Question

To study the effect of temperature on yield in a chemical process, five batches were produced at each of three temperature levels. The results follow.

Temperature
	50°C	60°C	70°C
	31	32	20
	21	33	25
	33	36	25
	36	25	27
	29	29	28

1. Construct an analysis of variance table (to 2 decimals, if necessary).
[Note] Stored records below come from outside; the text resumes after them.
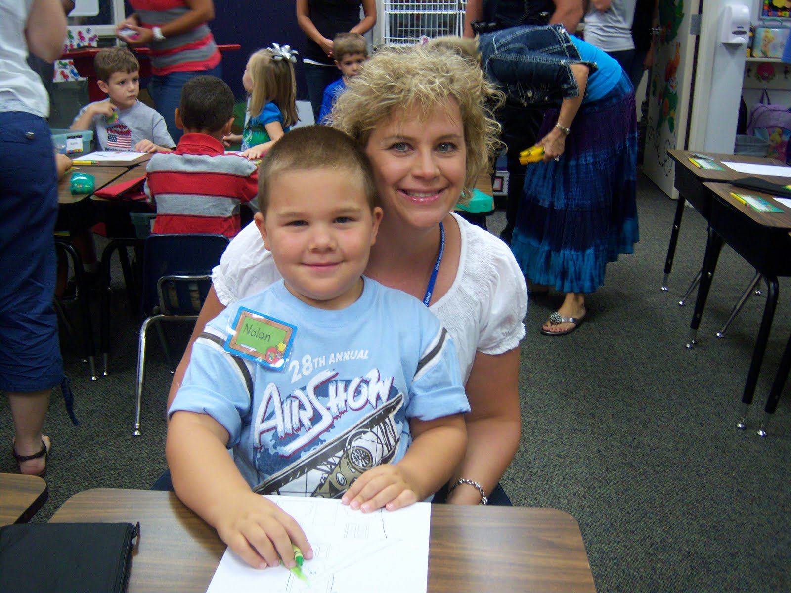 As I was leaving, I ran into a friend that I met last year in K4. Her daughter is going to 1/2 day classes. She asked me how I was doing and I told her "very well". (Little did I know at that time how I was going to feel walking out of school!!) She offered to go to Nolan's classroom to take a picture of both of us! She's so sweet~I didn't even think of that! I'm thinking she'll be a friend for life~great lady!:
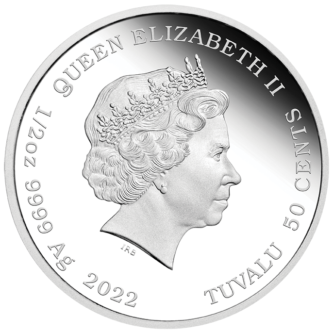 The Ian Rank-Broadley effigy of Her Majesty Queen Elizabeth II appears on the obverse with the coin’s weight, fineness, monetary denomination and 2022 year-date.
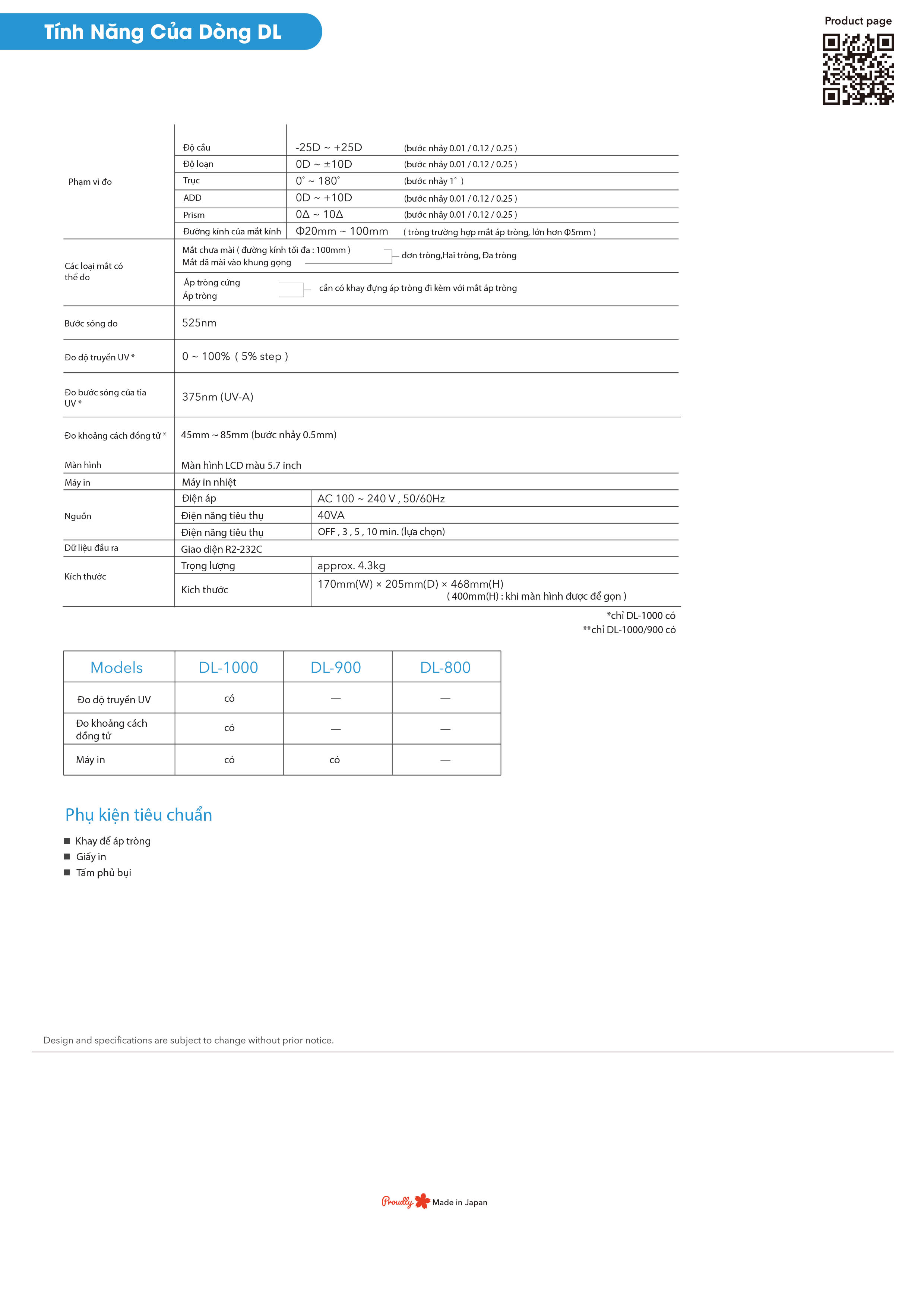 Thiết kế nhỏ gọn và thanh lịch thích hợp với tất cả các hoạt động đo đạt. DL-900 có kèm máy in, trong khi đó model cao cấp nhất DL-1000 có thể đo được cả độ truyền tia UV và khoảng cách đồng tử.
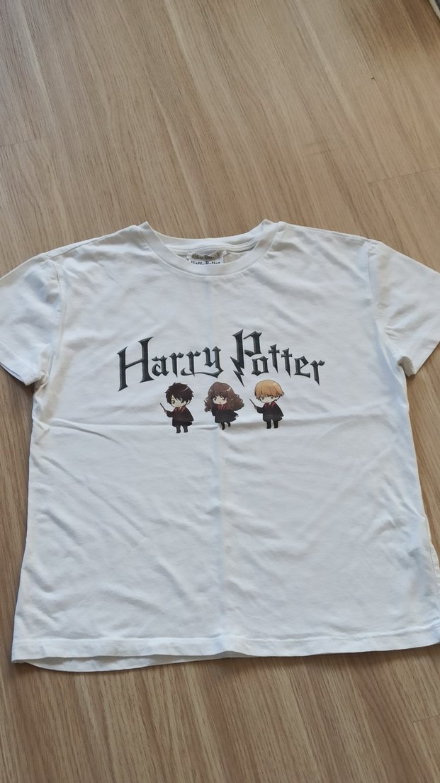 Pamuklu beyaz tişört, kısa kollu ve bol kesim. Üzerinde Harry Potter karakterleri baskılı, günlük sokak stili için uygun.
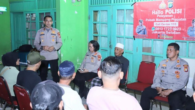Kapolsek Mampang Prapatan Kompol David Yunior Kanitero berdialog dengan warga di Kuningan Barat, Kecamatan Mampang Prapatan, Jakarta Selatan. Dalam dialog tersebut, Kompol David menerima sejumlah pengaduan warga.
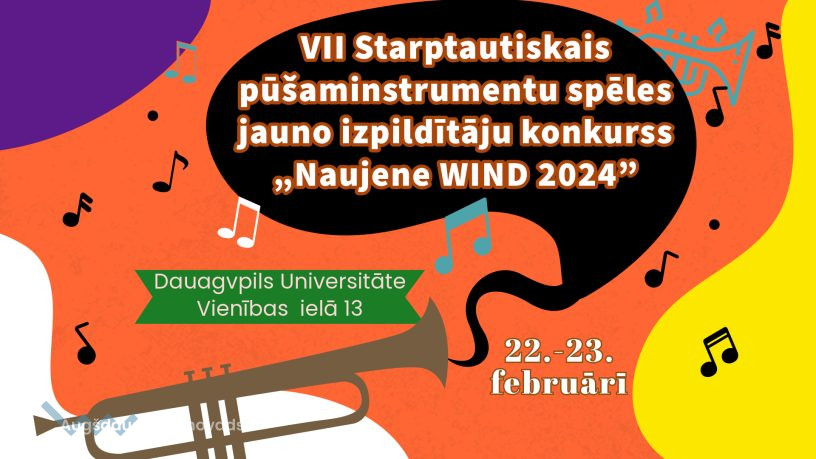 22.-23. februārī Daugavpils Universitātē norisināsies VII Starptautiskais pūšaminstrumentu spēles jauno izpildītāju konkurss “Naujene WIND 2024”, ko rīko Naujenes Mūzikas un mākslas skola sadarbībā ar Augšdaugavas novada Kultūras pārvaldi un Daugavpils Universitāti. Konkurss tiek rīkots ar mērķi veicināt pūšaminstrumentu spēlesjauno izpildītāju profesionālo izaugsmi un attīstību, popularizēt Augšdaugavas novada, Naujenes pagasta kultūrvides aktivitātes un atpazīstamību Latvijā un … Continue reading Notiks starptautisks konkurss „Naujene WIND 2024”

Round p-value to four decimal places.
   

   Source of Variation	Sum of Squares	Degrees of Freedom	Mean Square	F	p-value
   Treatments
   Error
   Total

   
   
2. Use a .05 level of significance to test whether the temperature level has an effect on the mean yield of the process.
   
   The p-value is Selectless than .01between .01 and .025between .025 and .05between .05 and .10greater than .10Item 11
   
   What is your conclusion?
   SelectConclude that the mean yields for the three temperatures are not all equalConclude that the mean yields for the three temperatures are all equal

Answer 1

Ans:

See calculations below:

a)

Source of Variation	SS	df	MS	F	P-value
Between Groups	103.33	2	51.67	2.63	0.1132
Within Groups	236.00	12	19.67
Total	339.33	14

b)p-value is greater than .10

Conclude that the mean yields for the three temperatures are all equal.

Analysis of variance:

	Group 1	Group 2	Group 3	Total
Sum	150	155	125	430
Count	5	5	5	15
Mean, Sum/n	30	31	25
Sum of square, Ʃ(xᵢ-x̅)²	128	70	38
Standard deviation	5.6569	4.1833	3.0822

Number of treatment, k =	3
Total sample Size, N =	15
df(between) = k-1 =	2
df(within) = N-k =	12
df(total) = N-1 =	14
SS(between) = (Sum1)²/n1 + (Sum2)²/n2 + (Sum3)²/n3 - (Grand Sum)²/ N =	103.3333
SS(within) = SS1 + SS2 + SS3 =	236
SS(total) = SS(between) + SS(within) =	339.3333
MS(between) = SS(between)/df(between) =	51.6667
MS(within) = SS(within)/df(within) =	19.6667
F = MS(between)/MS(within) =	2.6271
p-value = F.DIST.RT(2.6271, 2, 12) =	0.1132

Null and Alternative Hypothesis:
Ho: µ1 = µ2 = µ3
H1: At least one mean is different.
Test statistic:
F =	2.63
Critical value:
Critical value Fc = F.INV.RT(0.05, 2, 12) =	3.89
p-value:
p-value = F.DIST.RT(2.6271, 2, 12) =	0.1132
Decision:
P-value > α, Do not reject the null hypothesis.